CNN interviewed discredited environmental catastrophist Paul Ehrlich in its coverage of the United Nations’ latest warning of ecological collapse due to human activities and climate change.
Humanity will need to start “consuming less, polluting less and having fewer children” if it’s going to stop mass extinction in the coming decades, CNN correspondent Nick Watt said summarizing the U.N. report, which was released Monday.
Ehrlich, a Stanford University professor, told CNN he was “pessimistic” that countries could solve predicted ecological disaster in part because of President Donald Trump pledging to leave the Paris climate accord.

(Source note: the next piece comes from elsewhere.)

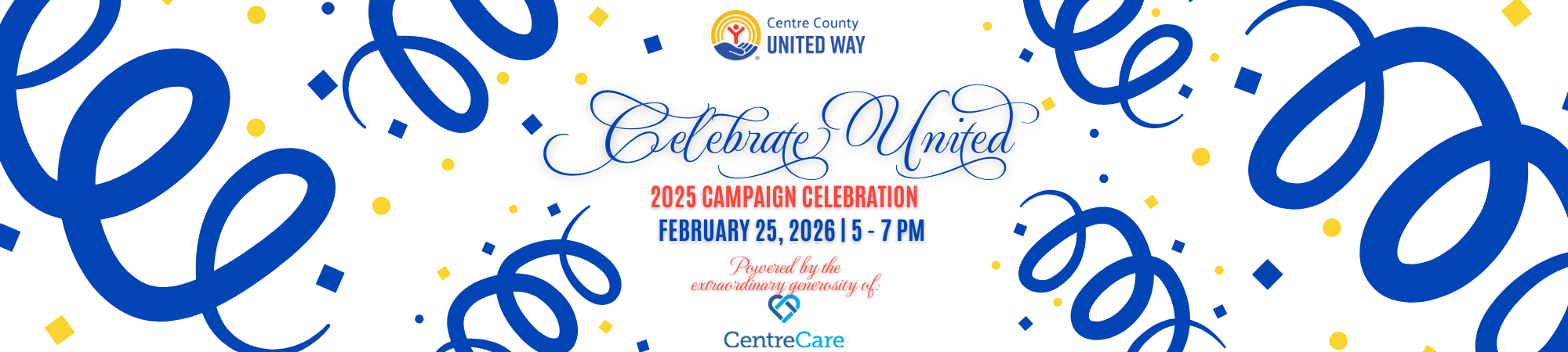 Centre County, PA — Centre County United Way (CCUW) will host Celebrate United, a campaign celebration event marking the conclusion of its 2025 Annual Campaign, on Wednesday, February 25, from 5:00 p.m. to 7:00 p.m. at Centre Care.

The U.N. called for “lowering total consumption and waste, including by addressing both population growth and per capita consumption differently in different contexts” to limit ecological damage.
The U.N. report blamed “rapid population growth” and the development and pollution that entails for putting 1 million plant and animal species at risk of extinction.

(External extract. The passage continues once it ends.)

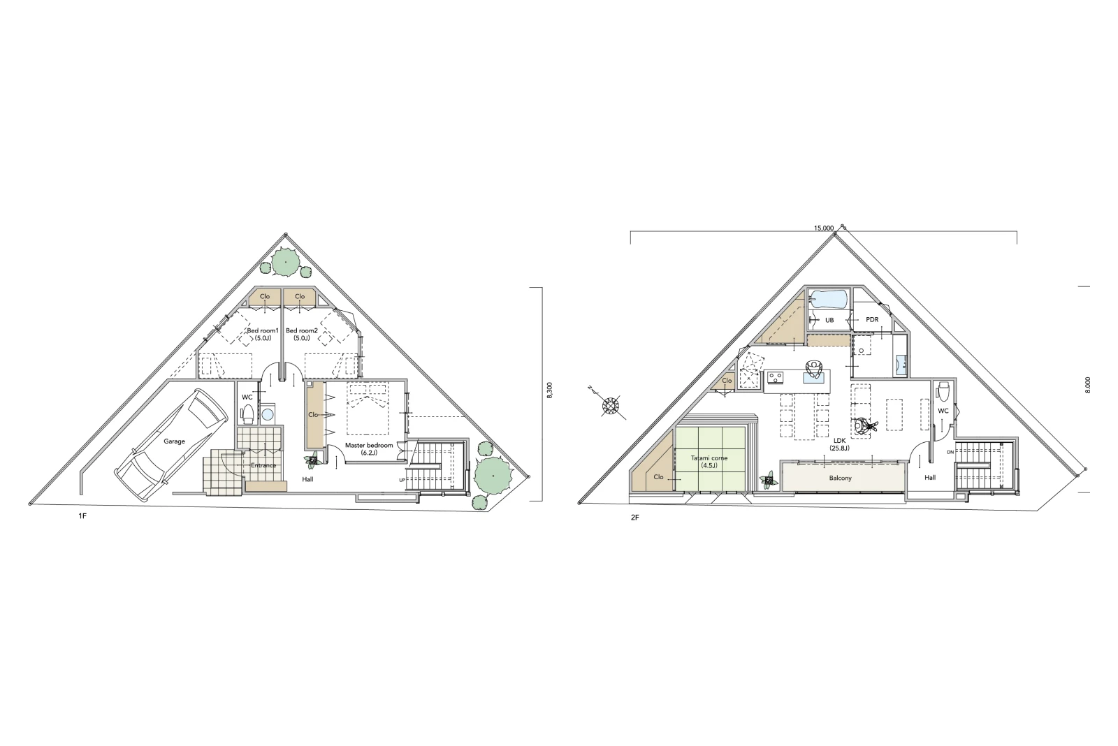 三角形の変形地に建つ家。土地の形の不便さを感じさせない間取り。

“The other organisms of the planet are our life support system,” Ehrlich, a Stanford University professor, told CNN. “You don’t have to worry about them if you don’t care about eating, if you don’t care about breathing, if you don’t care about having fresh water and so on. Then you can just forget about it and die.”
Ehrlich’s writings came out as environmental concerns were beginning to become top priorities for western countries, including the U.S. and Europe. In general, Ehrlich is a leading predictor of mass starvation and collapse of nature because of rapid population growth.
Ehrlich’s 1968 book “The Population Bomb” called on the U.S. government to take “whatever steps are necessary to establish a reasonable population size.” His ideas included taxing children, mass sterilization and abortions to limit population growth.
John Holdren, President Barack Obama’s science czar, co-authored pieces with Ehrlich, warning the human population was growing too quickly for the planet to sustain. Lawmakers criticized Holdren during his confirmation for his past writings.
But the mass starvation and ecological collapse predicted by Ehrlich and others never came to pass. However, Ehrlich maintains his dire predictions are certain to happen in the coming decades.